Haplotype_Caller - MorrellLAB/sequence_handling GitHub Wiki
Basic Usage
The Haplotype_Caller handler uses the Genome Analysis Toolkit (GATK) to create a genomic variant call format (GVCF) file for each sample. This script requires a list of BAM files and the nucleotide diversity per base pair (Watterson's theta) as input. Due to the large amount of memory required, it is recommended to submit the task array to the "ram256g" queue on MSI.
To run Haplotype_Caller, all common variables and handler-specific variables must be defined within the configuration file. Once the variables have been defined, Haplotype_Caller can be submitted to a job scheduler with the following command (assuming that you are in the directory containing sequence_handling
):
./sequence_handling Haplotype_Caller Config
Where Config is the full file path to the configuration file.

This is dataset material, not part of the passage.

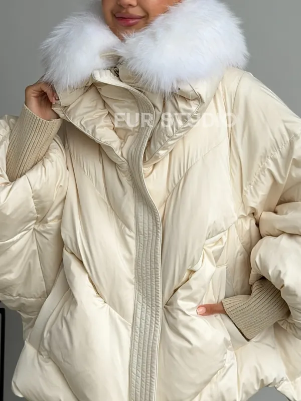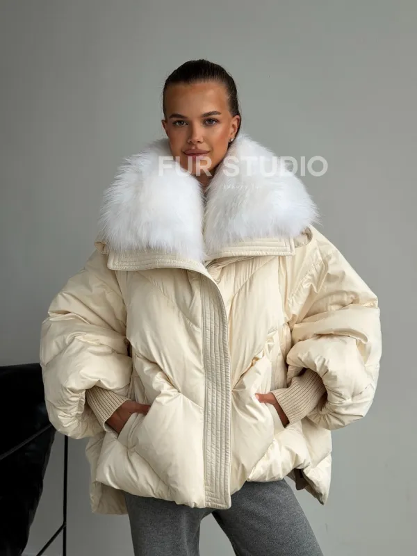 Бежевый зимний пуховик 102581
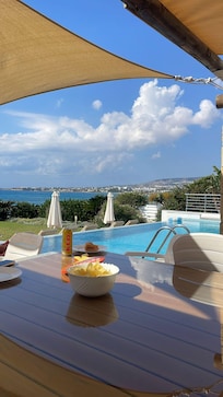 Warm pool, beautiful view, quiet location, enjoy waves sound in your room)).

Handler-Specific Variables
The following are a list of variables that need to be defined within Config
. In addition to the handler-specific variables, all common variables must be defined.
Variable | Function |
---|---|
HC_QSUB |
QSub settings for batch submission. Recommended settings are "mem=250gb,nodes=1:ppn=24,walltime=24:00:00" . |
HC_QUEUE |
The specific queue where the job will be submitted. Attempting to run sequence_handling while on a different server than the one specified will create an error message. Choose from: "lab" , "mesabi" , "ram256g" , or other queues shown here. Recommended queue is "ram256g" . |
FINISHED_BAM_LIST |
A list of full file paths to the finished BAM files. This can be generated with sample_list_generator.sh . |
THETA |
The nucleotide diversity per base pair (Watterson's theta). This varies per species. For barley: 0.008 For soybean: 0.001 |
DO_NOT_TRIM_ACTIVE_REGIONS |
If true, GATK will not trim down the active region from the full region (active + extension) to just the active interval for genotyping. Recommended value: false. |
FORCE_ACTIVE |
If true, all bases will be considered active regions. Recommended value: false. |
Output
Haplotype_Caller generates a GVCF file for each BAM file specified. The GVCF files can be found at
${OUT_DIR}/Haplotype_Caller
A list of files is not generated from Haplotype_Caller. However, you can generate one using sample_list_generator.sh
.
Dependencies
Haplotype_Caller depends on GATK for generating the GVCFs. If the reference dictionary needs to be generated, Haplotype_Caller also depends on Picard. In addition, PBS is required for basic operation. Please check the dependencies page to ensure that you are using the required version of each dependency.